In December 2020, the father made an oral motion pursuant to Family Ct Act § 1061 requesting that the order placing the child in foster care be modified to allow her to be placed with the stepmother, pursuant to Family Ct Act § 1017. Around the same time, the mother's parental rights were terminated for abandonment.[FN2] Family Court consolidated the petitions and, after a lengthy fact-finding hearing, dismissed the stepmother's custody petition and denied the father's oral motion to modify the placement order. The court found that, although the stepmother established her standing to seek custody of the child by showing extraordinary circumstances, both she and the father failed to demonstrate that awarding primary physical custody to her would be in the child's best interests. Among other things, Family Court found that the child has thrived in the home of her foster parents—the only home she has ever known—and that the foster parents have the resources and skill sets to meet the child's needs. Family Court further found that the stepmother has an extensive history of substance abuse and mental health issues, an indicated history with DSS concerning an educational neglect issue and a history of threats of violence toward her own child. Accordingly, Family Court dismissed the stepmother's petition and denied the father's motion. Both of them appeal.

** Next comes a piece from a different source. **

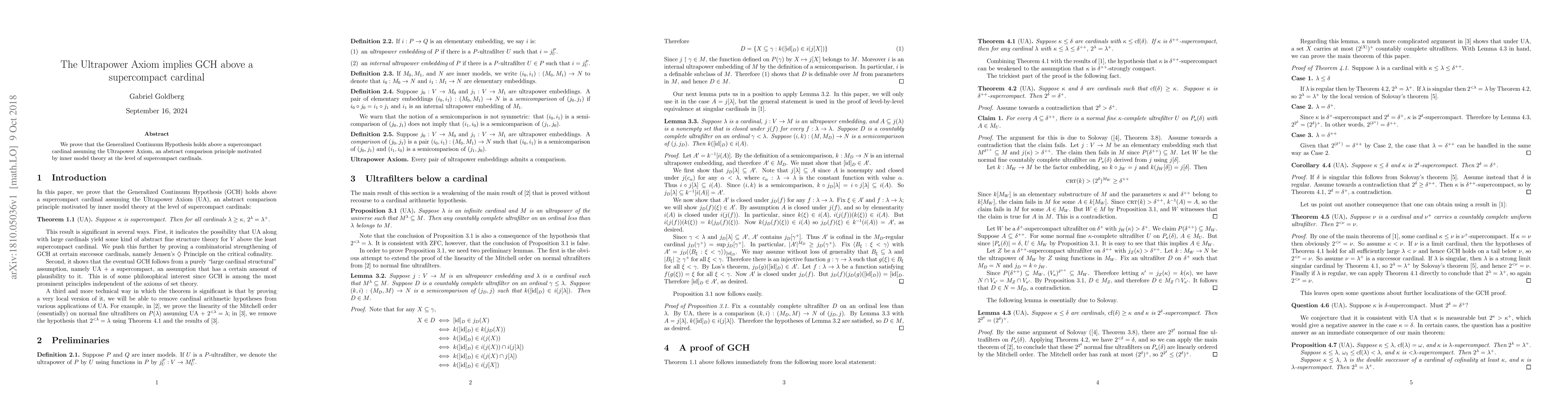 Summary: This paper demonstrates that the Ultrapower Axiom leads to the Generalized Continuum Hypothesis (GCH) holding above a supercompact cardinal, utilizing an abstract comparison principle inspired by inner model theory.

The record reveals that after appealing, the father voluntarily surrendered his parental rights to the child.[FN3] The father has not filed a notice of appeal in connection with his surrender of parental rights; indeed, no challenge to the voluntariness of that surrender has been brought to our attention. Accordingly, his appeal is moot (see Matter of David Q. v Schoharie County Dept. of Social Servs., 199 AD3d 1179, 1180 [3d Dept 2021], lv denied 38 NY3d 901 [2022]; Matter of Alexus SS. [Chezzy SS.], 130 AD3d 1266, 1267 [3d Dept 2015]) and we do not find the exception to the mootness doctrine to be applicable (see Matter of Randi NN. [Randi MM.—Joseph MM.], 80 AD3d 1086, 1087 [3d Dept 2011], lv denied 16 NY3d 712 [2011]; see generally Matter of Hearst Corp. v Clyne, 50 NY2d 707, 714-715 [1980]).[FN4] As to the stepmother's appeal, where, as here, the parental rights of both biological parents have been terminated, "adoption is the sole and exclusive means to gain care and custody of the child" and courts are "without authority to entertain custody proceedings commenced by a member of the child's extended family" (Matter of Melissa KK. v Michael LL., 170 AD3d 1293, 1293 [3d Dept 2019] [internal quotation marks, brackets, ellipsis and citations omitted], lv denied 33 NY3d 911 [2019]; see Matter of Amber W. v Erie County Children's Servs., 185 AD3d 1445, 1445-1446 [4th Dept 2020]). Here, the stepmother sought only custody of the child; she has not sought adoption. Accordingly, the appeal from denial of the stepmother's custody petition is also moot (see Matter of Mu'Min v Mitchell, 19 AD3d 1116, 1117 [4th Dept 2005]) and, contrary to the stepmother's argument, the exception to the mootness doctrine does not apply.[FN5] Should she still seek care and custody of the child, the stepmother's sole recourse is to file for adoption (see Matter of Herbert PP. v Chenango County Dept. of Social Servs., 299 AD2d 780, 781 [3d Dept 2002]).
Garry, P.J., Egan Jr., Aarons and McShan, JJ., concur. Ordered that the appeals are dismissed, as moot, without costs.